Look through the entries below and copy exactly the part that begins with the line containing "Rhynchostylis retusa (also" and ends with the line containing "爱心点燃希望,真情温暖人心。". Do not copy the pictures.

[Opening Data extracts section]

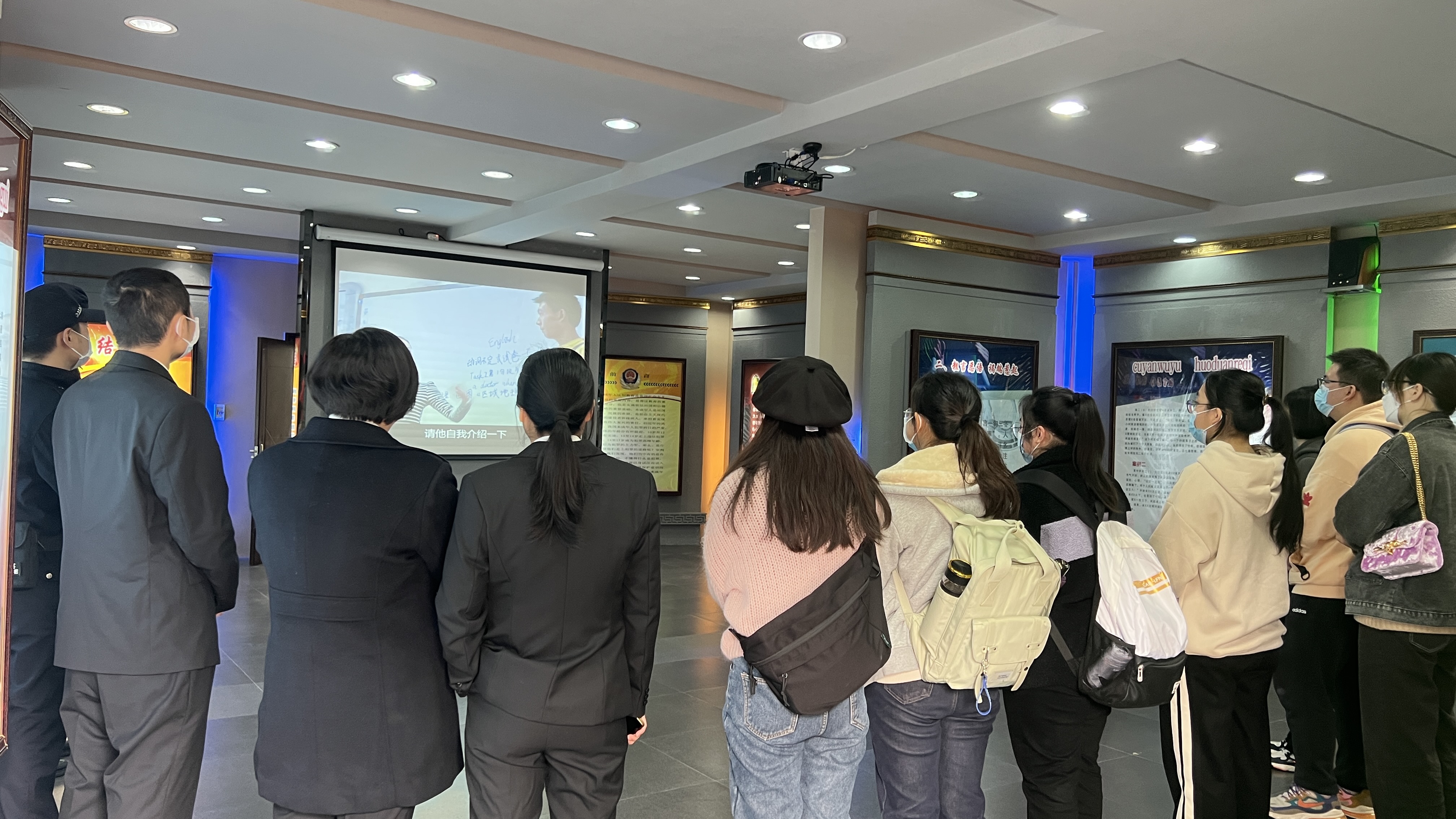 庭审后,大学生们应邀参观预防未成年犯罪警示教育基地,法院法官们与大学生们进行了亲密的交流互动,就如何防范和应对违法犯罪行为等知识点进行重点讲解介绍,让大学生们直观地了解违法与犯罪的联系与区别等知识。与此同时,法官们紧密结合庭审案件的情况,向大学生们阐释了劳动者和用人单位之间在实际工作中的基本权利和义务,以此提示未来将走上工作岗位的大学生们要增强法律意识,知晓法律规定,依法使用法律武器维护自身的合法权利。
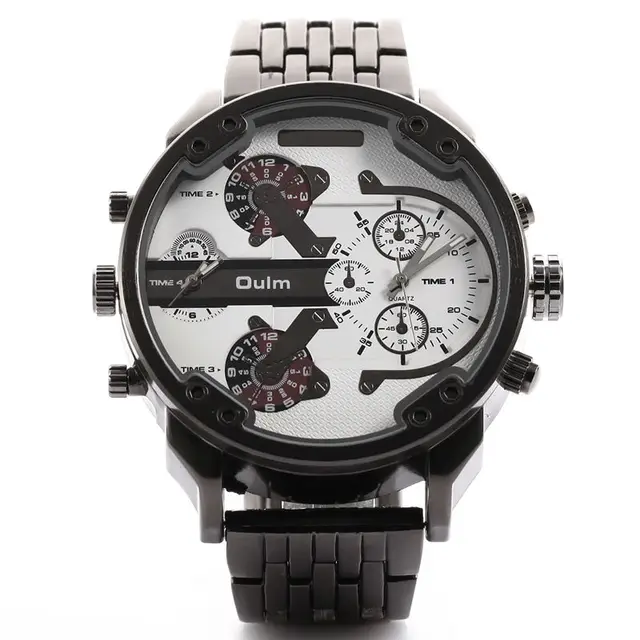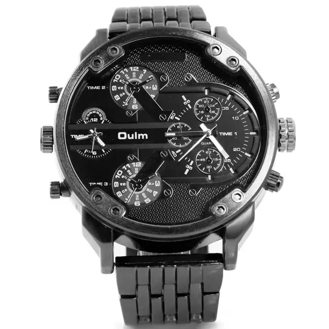| [해외]Oulm 럭셔리 브랜드 DZ 스타일 남성 합금 금속 시계 육군 큰 크기 듀얼 타임 남성 캐주얼 시계 군사 시계 Relogio Masculino |
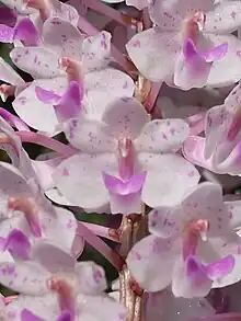 Rhynchostylis retusa (also called foxtail orchid) is an orchid, belonging to the Vanda alliance. The inflorescence is a pendant raceme, consisting of more than 100 pink-spotted white flowers. The plant has a short, stout, creeping stem carrying up to 12, curved, fleshy, deeply channeled, keeled, retuse apically leaves and blooms on an axillary pendant to 60 cm (24 in) long, racemose, densely flowered, cylindrical inflorescence that occurs in the winter and early spring. It is famous for its use as a hair-ornament worn by Assamese women during folk dance Bihu on the onset of spring.[2]
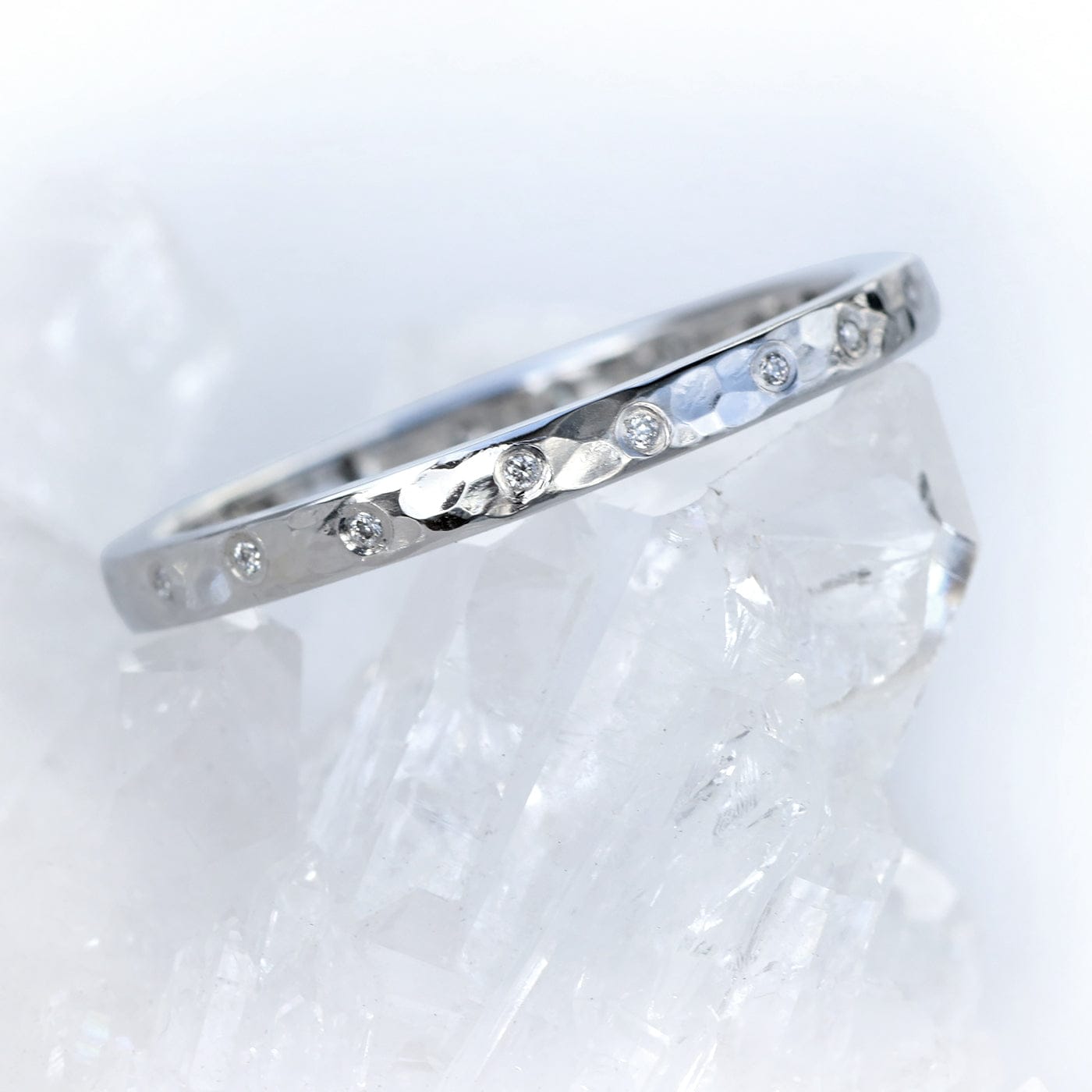 This contemporary slim wedding ring is made from ethically sourced solid 18ct palladium white gold. The 2mm wide band is set with a scattering of twenty 0.8mm fair trade Canadian diamonds all the way around the band. The ring is then finished with a hammered texture and highly polished finish, which reflects the light beautifully.
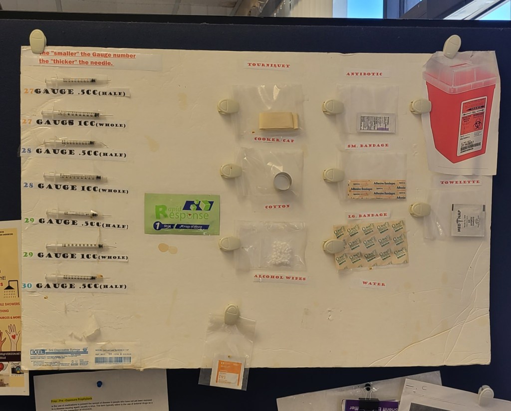 HRCs also serve to educate people on HIV, hepatitis, overdoses, and infectious diseases. At Oasis specifically, they give out socks, blankets, raincoats, and hygiene kits. They also have a shower, washer, and dryer for clients to use. One of the goals of Harm Reduction Centers is to provide a safe, trauma-informed, non-stigmatizing space to the community.
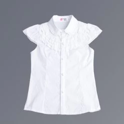 Summer Girls Clothes Lotus Leaf Collar Sleeveless Solid Shirt Casual Girls Shirt Children Blouse
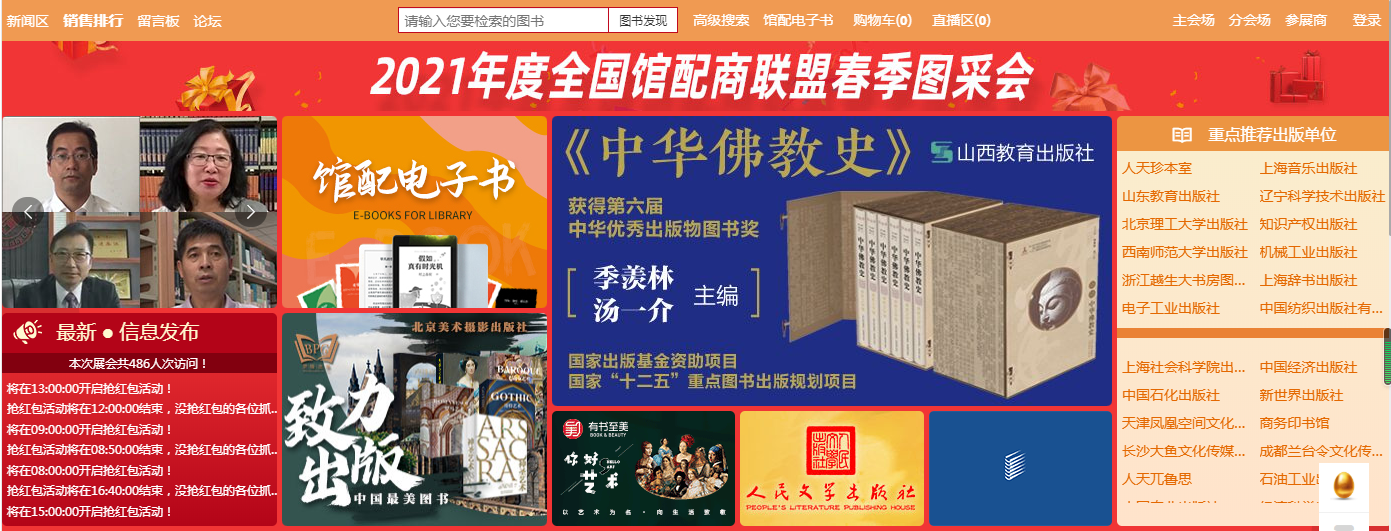 2021全国馆配商联盟春季图采会采用线上订购的模式,广大师生可以足不出户“云采书”,届时平台将展示500多家出版单位全品种图书、二十余万种新书资源,更有多场主题论坛、出版社直播活动等待大家参与。
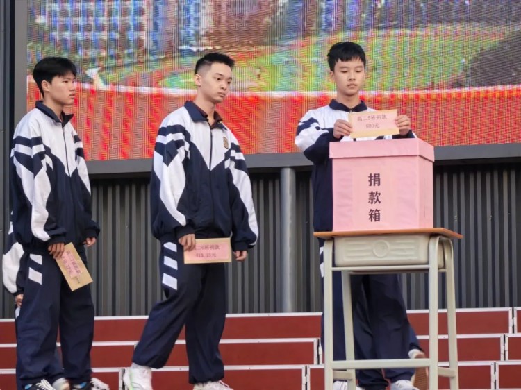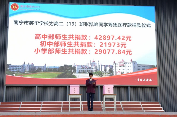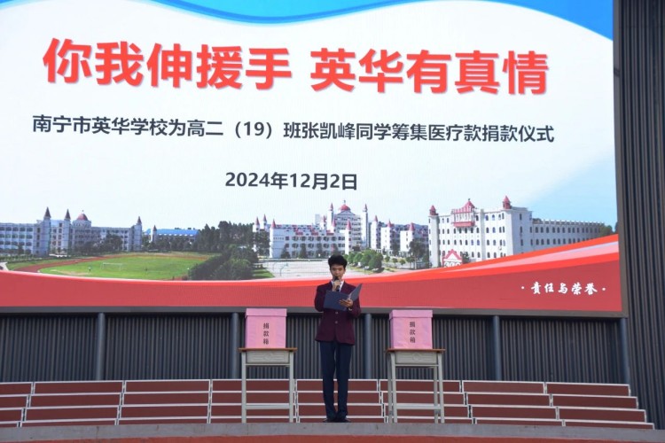 爱心点燃希望,真情温暖人心。12月2日上午,南宁市英华学校为高二(19)班张凯峰同学筹集医疗款捐款仪式在足球场举行,这是一场由全校师生和部分家长共同参与,满载温暖与力量的活动。
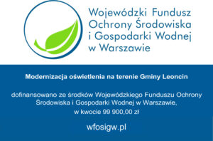 W dniu 22 listopada 2024 r. dokonano odbioru robót budowlanych związanych z realizacją zadania pn.: „Modernizacja oświetlenia na terenie Gminy Leoncin”. Zadanie w 80% zostało dofinansowane ze środków Wojewódzkiego Funduszu Ochrony Środowiska i Gospodarki Wodnej w Warszawie w ramach Programu „Modernizacja oświetlenia”. Celem programu jest:
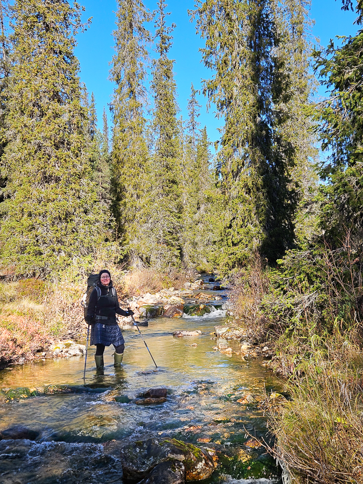 Vesi ei saa tulla varresta sisään kesken vaelluksen, koska reissun aikana kunnolla kuivaaminen ei onnistu. Woodstalkerin varsi ei jätä mitään pois vaan tulee lähelle polvitaivetta. Sujuvasti kahlasin läpi jokien ja märkienkin soiden. Muita kenkiä minulla ei ollut mukana. Yöksi nostin pohjalliset tuulettumaan ja saappaat olivat näin väljemmät ja hädän tullen nopeammat vetäistä jalkaan kuin päiväkäytössä.

[Closing Data extracts section]

Written response =
 Rhynchostylis retusa (also called foxtail orchid) is an orchid, belonging to the Vanda alliance. The inflorescence is a pendant raceme, consisting of more than 100 pink-spotted white flowers. The plant has a short, stout, creeping stem carrying up to 12, curved, fleshy, deeply channeled, keeled, retuse apically leaves and blooms on an axillary pendant to 60 cm (24 in) long, racemose, densely flowered, cylindrical inflorescence that occurs in the winter and early spring. It is famous for its use as a hair-ornament worn by Assamese women during folk dance Bihu on the onset of spring.[2]
 This contemporary slim wedding ring is made from ethically sourced solid 18ct palladium white gold. The 2mm wide band is set with a scattering of twenty 0.8mm fair trade Canadian diamonds all the way around the band. The ring is then finished with a hammered texture and highly polished finish, which reflects the light beautifully.
 HRCs also serve to educate people on HIV, hepatitis, overdoses, and infectious diseases. At Oasis specifically, they give out socks, blankets, raincoats, and hygiene kits. They also have a shower, washer, and dryer for clients to use. One of the goals of Harm Reduction Centers is to provide a safe, trauma-informed, non-stigmatizing space to the community.
 Summer Girls Clothes Lotus Leaf Collar Sleeveless Solid Shirt Casual Girls Shirt Children Blouse
 2021全国馆配商联盟春季图采会采用线上订购的模式,广大师生可以足不出户“云采书”,届时平台将展示500多家出版单位全品种图书、二十余万种新书资源,更有多场主题论坛、出版社直播活动等待大家参与。
 爱心点燃希望,真情温暖人心。12月2日上午,南宁市英华学校为高二(19)班张凯峰同学筹集医疗款捐款仪式在足球场举行,这是一场由全校师生和部分家长共同参与,满载温暖与力量的活动。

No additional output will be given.